Related: Canaan Manager Says Opportunity Exceeds Crisis As Bitcoin Miners Suffer From Shrinking Profits
Synergy between Big Energy and Bitcoin is net positive for BTC
Discussing the growing partnership between major energy providers, oil and gas companies, and industrial-sized Bitcoin miners was a Hot topic all year 2022When asked about the direct benefits of this relationship with Bitcoin itself, Colin Harper said:
“I don’t think mining does anything bad or good for bitcoin. I think it’s good for bitcoin in the sense that in the long run it will really enhance the security of the network, decentralize mining and put it like every corner of the world if you have energy producers mining on it. But in terms of doing anything for the price, I think that’s just kind of a broader adoption issue. And in terms of whether people are going to use it day in and day out as a medium of exchange, a store of value and just a general investment.”
“If these companies start drilling for it, it becomes more acceptable. It becomes less stigma,” Harper explained. “Based on that, I think the oil producer and that person’s policy.”
When asked what mass Bitcoin adoption might look like in the future, in terms of the growth of the mining industry, Harper explained the following:
“It will only be a matter of time before they start incorporating Bitcoin into their stacks. I think when things get interesting in terms of mining as an industry because if you have energy producers and people who own Bitcoin energy mining, it makes it very difficult for people who don’t have These assets eventually turn a profit because you will see the hash rate, which is actually trading in the lag. Ultimately, you can imagine a future where only energy producers and those who have invested with or joined energy producers can make profits from their bitcoin mining.”

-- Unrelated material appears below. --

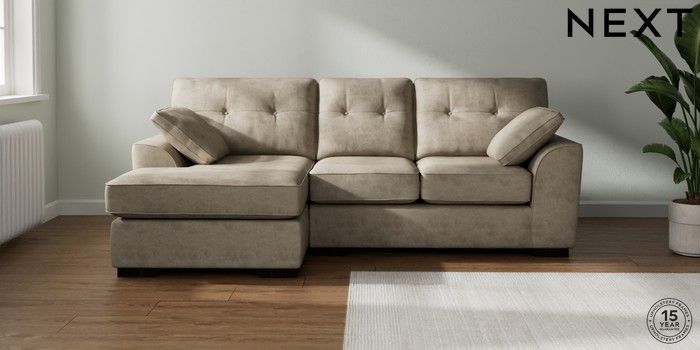 7.3.1 Buy Stamford Buttoned Back Small Sofa Chaise - Left Hand Monza Faux Leather Easy Clean Mink Brown Large Square Angle - Dark from the Next UK online shop Click here to use our accessible website

Regulation and the growing desire for self-reservation will lead to the growth of the Bitcoin Lightning Network
The two analysts agreed that while it may take a few years, the potential for Bitcoin’s second layer growth is bright. Burnett predicted that “over time, more and more people will learn to demand the final settlement of their bitcoins, which means that more people will keep their private keys.”
According to Burnett:
“If Bitcoin adoption increases by 100x or 1000x, there will be a lot of competition for scarce block space and the on-chain fees will likely go up just because people will demand more settlement, more stability on the base layer. But the space for the block to settle on the base layer is constant.” So a higher chain fee will essentially provide, in my opinion, the liquidity of the Lightning Channel that is already available and open. It will make it more valuable.”
Harper wholeheartedly agreed and added that, in his view, the Lightning Network “would be the thing that would allow Bitcoin to be used as a medium of exchange around the world and also, as Jack Mallers said, it’s something that could sort of separate Bitcoin, the parent from Bitcoin, the network.” Payment in a way that is already scalable.”